Output the span of lines from the one that contains "Acne Studios T-skjorte" through the end of the records, inclusive, exactly as written and free of pictures.
╔══
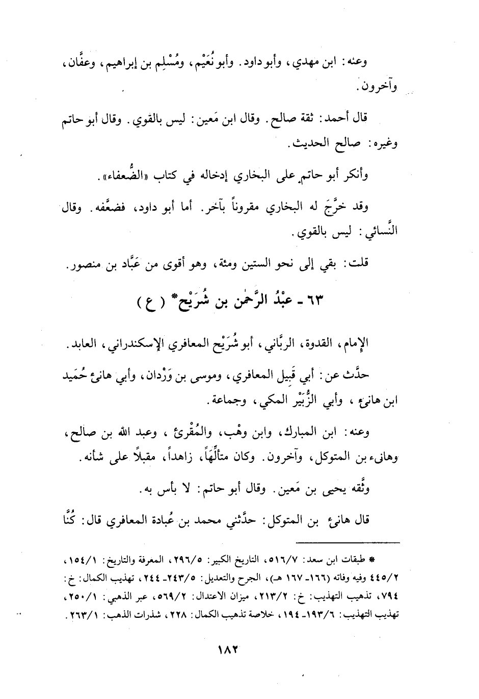 (*) طبقات ابن سعد: 7 / 516، التاريخ الكبير: 5 / 296، المعرفة والتاريخ: 1 / 154، 2 / 445 وفيه وفاته (166 - 167 هـ) ، الجرح والتعديل: 5 / 243 - 244، تهذيب الكمال: خ: 794، تذهيب التهذيب: خ: 2 / 213، ميزان الاعتدال: 2 / 569، عبر الذهبي: 1 / 250، تهذيب التهذيب: 6 / 193 - 194 خلاصة تذهيب الكمال: 228، شذارت الذهب: 1 / 263.
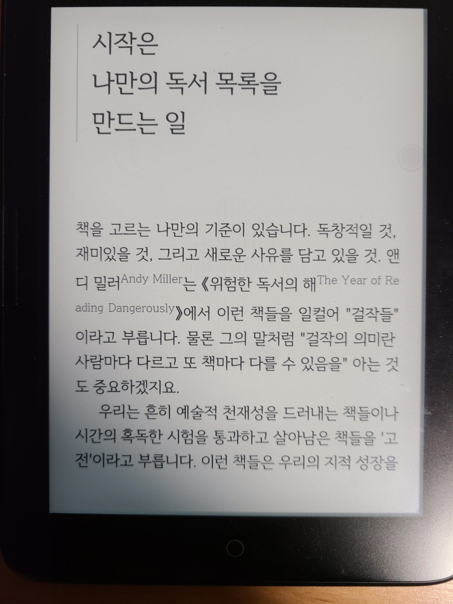 처음 잠깐 읽어던 다치바나 다카시 님이나, 장석주님 그리고 에두아르 님과 저는 가장 큰 차이가 있습니다. 앞의 세 분은 책 사는데 돈을 아끼지 않아요. 하지만 저는 돈이 없어서 책 사는데 돈을 아낍니다 ㅠㅠ. (요즘 책 사는게 너무 비싼 것 같아요). 그리고 저는 책을 보관할 곳이 많지 않아요. (그래서 전자책으로 왔죠)
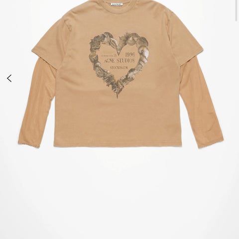 Acne Studios T-skjorte i størrelse XS for kvinner. Laget av bomull er hvit med svart skrift. T-skjorten har et unikt grafisk design. Ny pris 3500.- stor modell
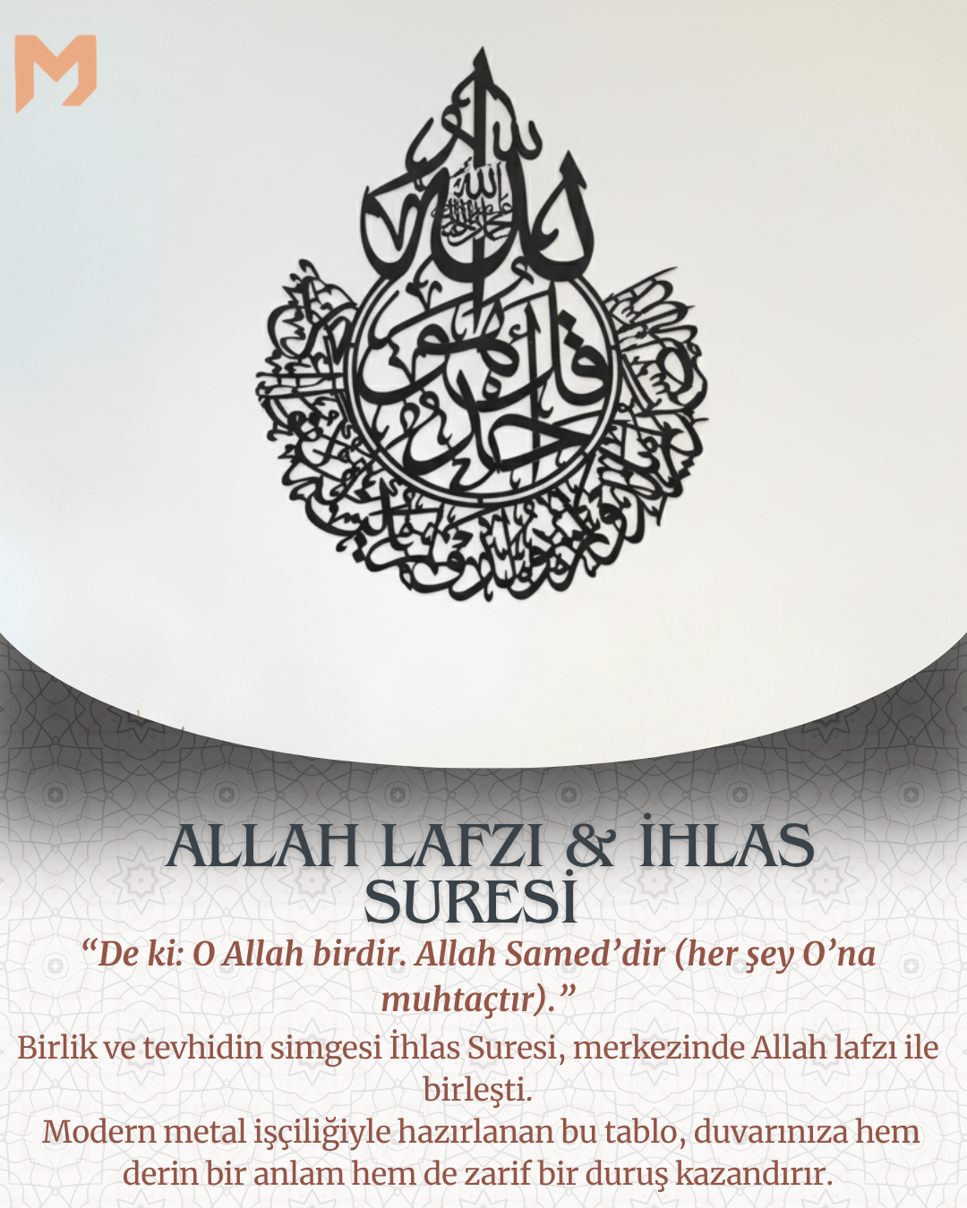 DUVAR DEKORU İÇİN TASARLANMIŞ İHLAS SURESİ VE ALLAH LAFZI DESENLİ METAL TABLO 8
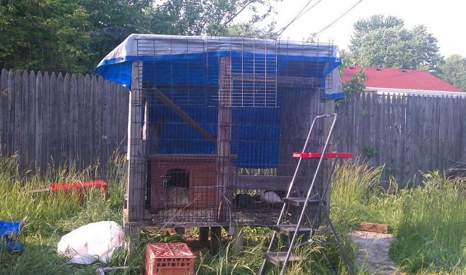 Back and Front are made from dog kennel panels, top is tarped to give shade and keep most of it dry. I have a ramp propped up with milk crates and I have a fence circled around it to keep them in. Works great for my six week old ducks.
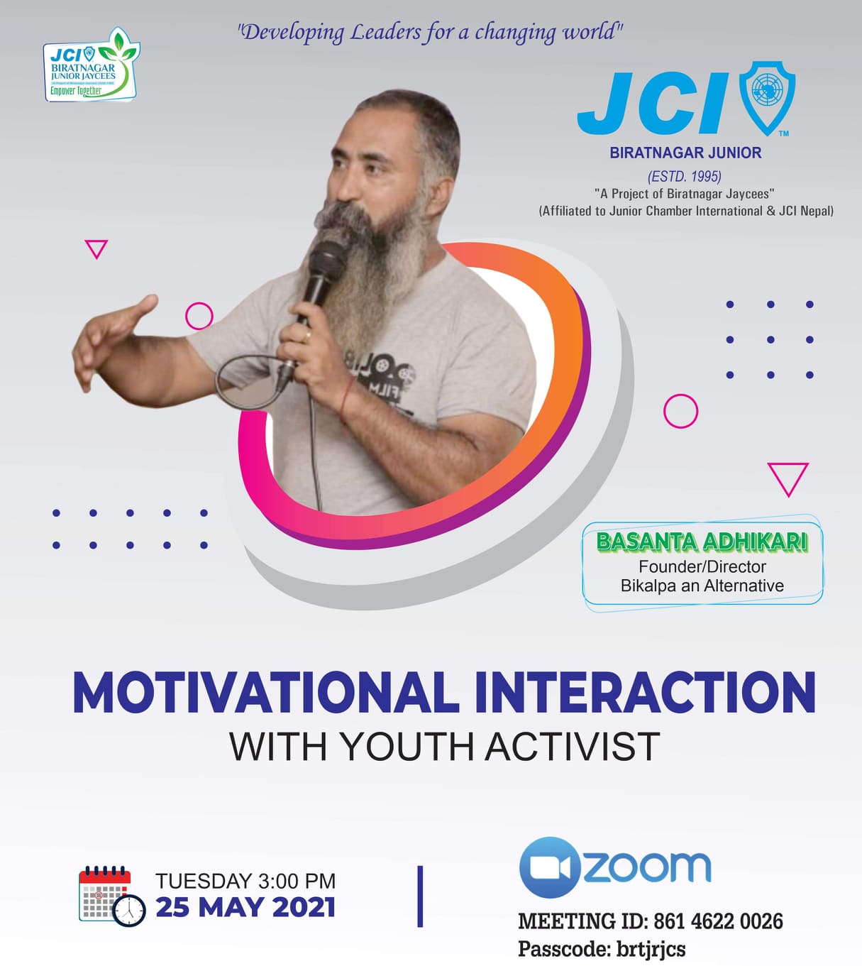विराटनगर । विराटनगर जुनियर जेसिजले जेसिज अभियानकर्मीलाई उत्प्रेरणामुलक अन्र्तक्रिया सम्पन्न गरेको छ । अनलाईन मार्फत मंगलबार गरिएको अन्र्तक्रियाको प्रमुख वक्तामा विकल्प एन अल्टरनेटिभका संस्थापक निर्देशक वसन्त अधिकारी रहनु भएको थियो । सो कार्यक्रममा विराटनगर जुनियर जेसिजका संस्थापक अध्यक्ष डा. . .
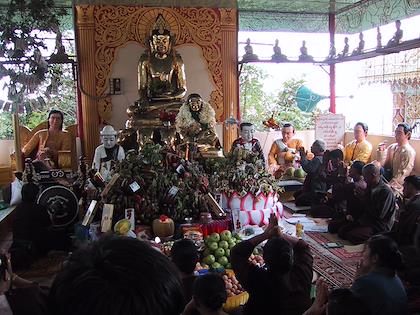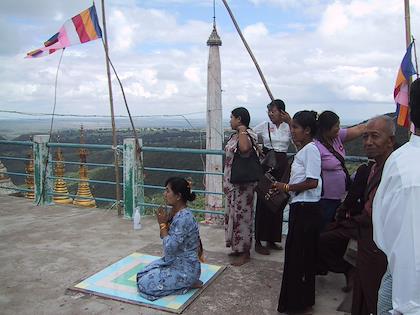|  | |  | | This spirit is an alcoholic--notice all the bottles left as offerings. | | Praying at the top of Mt. Popa. |
╚══
== Solution to the exercise ==
 Acne Studios T-skjorte i størrelse XS for kvinner. Laget av bomull er hvit med svart skrift. T-skjorten har et unikt grafisk design. Ny pris 3500.- stor modell
 DUVAR DEKORU İÇİN TASARLANMIŞ İHLAS SURESİ VE ALLAH LAFZI DESENLİ METAL TABLO 8
 Back and Front are made from dog kennel panels, top is tarped to give shade and keep most of it dry. I have a ramp propped up with milk crates and I have a fence circled around it to keep them in. Works great for my six week old ducks.
विराटनगर । विराटनगर जुनियर जेसिजले जेसिज अभियानकर्मीलाई उत्प्रेरणामुलक अन्र्तक्रिया सम्पन्न गरेको छ । अनलाईन मार्फत मंगलबार गरिएको अन्र्तक्रियाको प्रमुख वक्तामा विकल्प एन अल्टरनेटिभका संस्थापक निर्देशक वसन्त अधिकारी रहनु भएको थियो । सो कार्यक्रममा विराटनगर जुनियर जेसिजका संस्थापक अध्यक्ष डा. . .
|  | |  | | This spirit is an alcoholic--notice all the bottles left as offerings. | | Praying at the top of Mt. Popa. |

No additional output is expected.